Question: How did you enter the computer science field?

Hayashi: When I went to high school in California, way back when, there were no computer science classes. When I got to college, it was general education for two years. Then I had to pick a major. I had taken a class titled Introduction to Computer Science at the University of California-San Diego and had enjoyed using a program to create a little flower in the computer class. I thought that was fun. So my advisors suggested a computer science major.

So I went into computer science. I went to lectures with hundreds of men and perhaps two women, including me, in every class. I’d been valedictorian in high school and I did well in math and science, which helped with computer science.

But I certainly wasn’t prepared for being a minority in most everything that I did in college. That affects you when you are looking for lab partners, for study groups, etc. At graduation, I saw an opportunity at Unisys Corporation where I could actually work with semiconductors and software.

Question: Were there any lessons learned in terms of the direction that you took and the strength of your momentum going to Unisys right out of school?

Hayashi: I loved the technology. I loved what I was learning. But it was daunting because sometimes I wondered if maybe this wasn’t something that women did. But when I graduated and went to work I was in a pretty diverse group within Unisys Corporation and I got that comfort level back.
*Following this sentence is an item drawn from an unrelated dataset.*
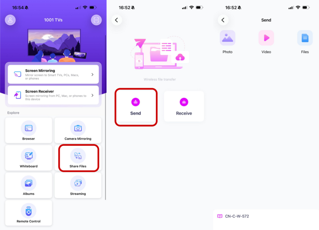 ⬩ Βρείτε τα αρχεία που στείλατε στον υπολογιστή σας κάνοντας κλικ στο “Receive Files”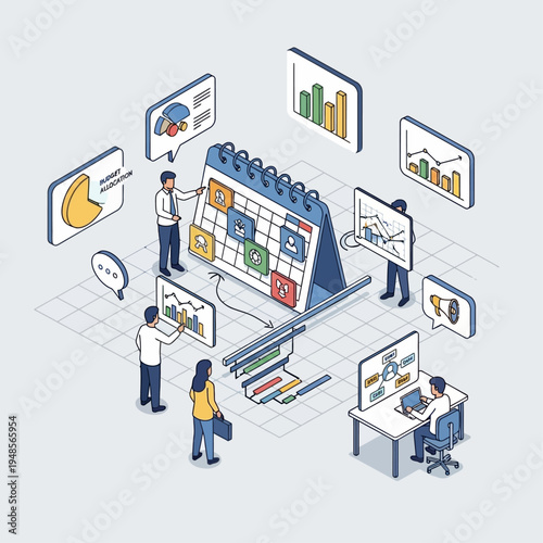 Isometric illustration of a team collaborating on a project, using a calendar and charts for planning and analysis.

But it isn’t always that way. Unisys was a special company.

Question: Was your love of the subject your anchor in clearing hurdles?

Hayashi: It was always my anchor and that remains true today. You put up with a lot sometimes. But when you go back and see what’s going on with the Internet of Things, with autonomous cars, with drones and robotics, it brings me back to my essential purpose every single time.

For instance, I recently attended a two-day, Women in Engineering technology summit. Every once in a while I just have to stop work for a day or so and attend events that focus on the technology so that I can remember why I came here in the first place. It’s the technology that drives me.

Question: When you entered the semiconductor business in the early 1980s, what were the opportunities like?

Hayashi: When I joined the semiconductor R&D CAD department at Unisys in 1982, we were working on semiconductor HDLs – hardware description languages – before common HDLs were being written. Fresh out of college, I was writing our own HDLs, our own languages, our own parsers, our own behavioral structure synthesis tools. When I was designing those blocks, we were actually designing it front to back. We wrote the HDL. We did the synthesis. We did the compilation. And then we saw it on the tester when we were done. We did everything. We wrote the software. We did the design. We had a sense that we were on the ground floor of an industry that was just taking off. Nowadays, in today’s environment you can only do a portion of it all. It wasn’t until later that an actual EDA – electronic design automation – industry emerged with specialized companies to serve it. EDA, essentially, is semiconductor software.

Question: How have the opportunities for young engineers changed since then?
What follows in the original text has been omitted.